Nachhaltiges Investieren gewinnt an Bedeutung

Grünes Geld, Okö-Investments oder ethisches Investieren hieß es früher und wurde nicht selten mit einem Lächeln abgetan. „Ökolatschenträger“, „Müslifreunde“ und Atomkraftgegner brachten und bringen seit Jahrzehnten zwar ihre Naturverbundenheit und den Ruf nach Beachtung der Menschenrechte zum Ausdruck, galten jedoch eher als Gegner des wirtschaftlichen Erfolges. Einige Vordenker engagierten sich bereits vor 40 Jahren für den Gedanken des verantwortungsvollen Investierens und kreierten die ersten Anlageprodukte. Heute kann man sagen, sie legten den Grundstein für die Geldanlage mit gutem Gewissen.

Worum geht es bei ESG?

Die ESG-Kriterien ergänzen die klassischen Betrachtungsweisen von Investoren. Wie bei jedem Investment werden zunächst die Profitabilität, die Wettbewerbsvorteile gegenüber ähnlichen Unternehmen und andere Faktoren analysiert, um aussichtsreiche Anlagen zu entdecken.

Bei der ESG-Bewertung handelt es sich um einen zusätzlichen Filter, der in 3 Bereiche untergliedert ist:

Umwelteinfluss (E = Environmental),
Sozialverhalten (S = Social)
verantwortungsvolle Unternehmensführung (G = Gouverment).

Dieser zusätzliche Filteransatz fügt zudem eine grundsätzliche Beachtung der Geschäftsfelder hinzu, in welchen ein Unternehmen aktiv ist. Bestimmte Branchen gelten generell als unethisch und scheiden nach ESG-Kriterien als potentielles Investment aus.
Andere Branchen tragen direkt zum Schutz der Umwelt bei und gelten als nachhaltig. Es wird in so genannte Positiv- und Negativ- Kriterien unterschieden, beispielsweise nach folgenden Punkten:
.

ESG-Kriterien-Beispiele
.

Der Anleger kann entscheiden

Wer heute als Anleger mit ethischem Anspruch, Sozialverträglichkeit und Umweltgedanken nach Anlagemöglichkeiten sucht, findet ein Spektrum von nicht weniger als 500 verschiedenen Fonds.
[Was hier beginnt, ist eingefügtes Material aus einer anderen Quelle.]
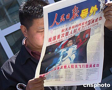 圖:北京市民關(guān)注“神舟”五號(hào)成功發(fā)射
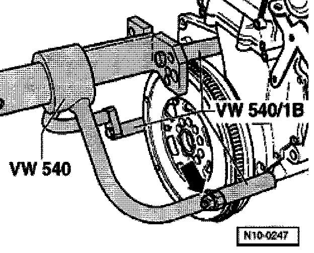 - Bolt engine/transmission VW 540 holding fixture to cylinder block with three pieces from VW540/1 B holding fixture and VW540/1 B spacers. Use a standard bolt M12 x 160 with toughness 8.8. for securing at right bottom (arrow).

Bei näherer Betrachtung zeigen sich jedoch große Toleranzen hinsichtlich der Erfüllung der ESG-Kriterien. Häufig reicht es nicht Datenbanken zu durchforschen und Zahlen gegenüber zu stellen. Erst in Gesprächen mit den Fondsverantwortlichen werden die harten und weichen Faktoren des jeweiligen Auswahlprozesses sichtbar.
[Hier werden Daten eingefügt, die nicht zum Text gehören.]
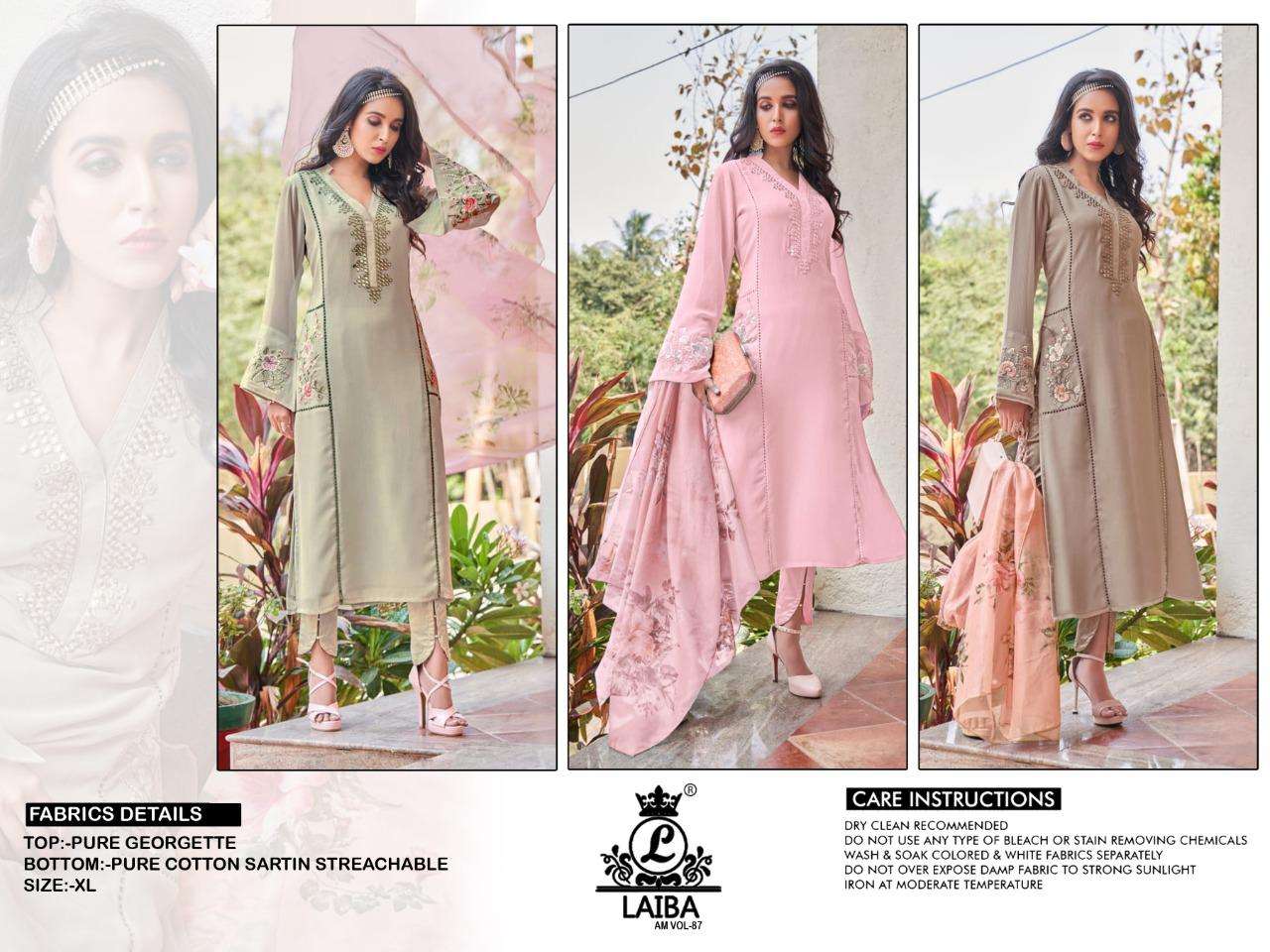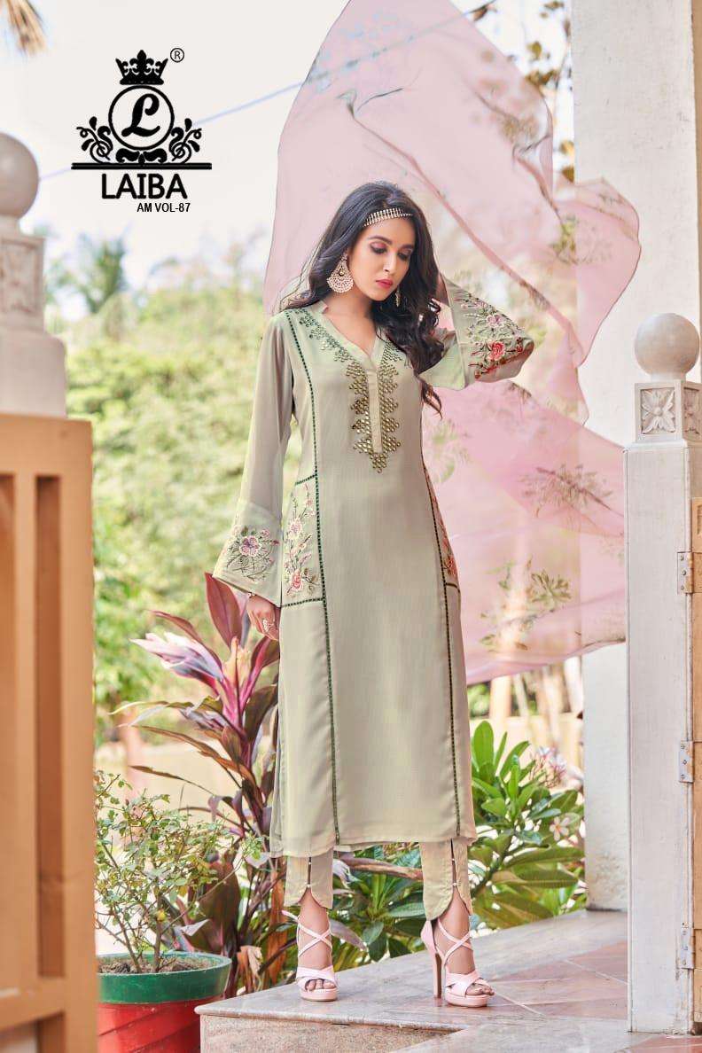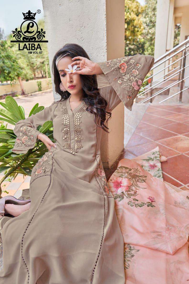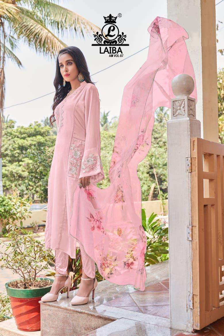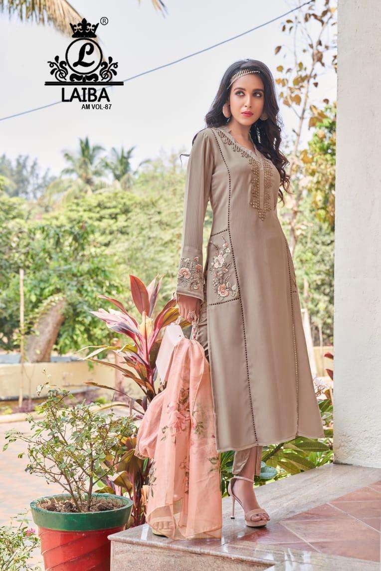 Am Vol 87 Designer Kurti Pant With Dupatta By Laiba

Hinsichtlich der Wertentwicklung kann ergänzt werden, dass nachhaltiges Investieren in der Vergangenheit den Ruf geringerer Renditen hatte. In den letzten Jahren konnten einige nachhaltige Fonds nun sogar Renditevorteile gegenüber klassischen Fonds erzielen. Dabei ist der Trend zum umweltgeprägten Anlagedenken keineswegs ein Modethema. Vielmehr zeigt sich darin eine neue Art des Bewusstseins im Umgang mit Kapital, welches in der Breite gerade erst Fahrt aufnimmt.

Wir bieten seit einigen Jahren mit der Anlagestrategie „Depotzuwachs Umwelt & Ökologie“ den Zugang zu hervorragenden nachhaltig gemanagten Fonds. Abschließend darf festgestellt werden, dass die Möglichkeit zum verantwortungsvollen Umgang mit Geldanlagen beim Anleger selbst liegt.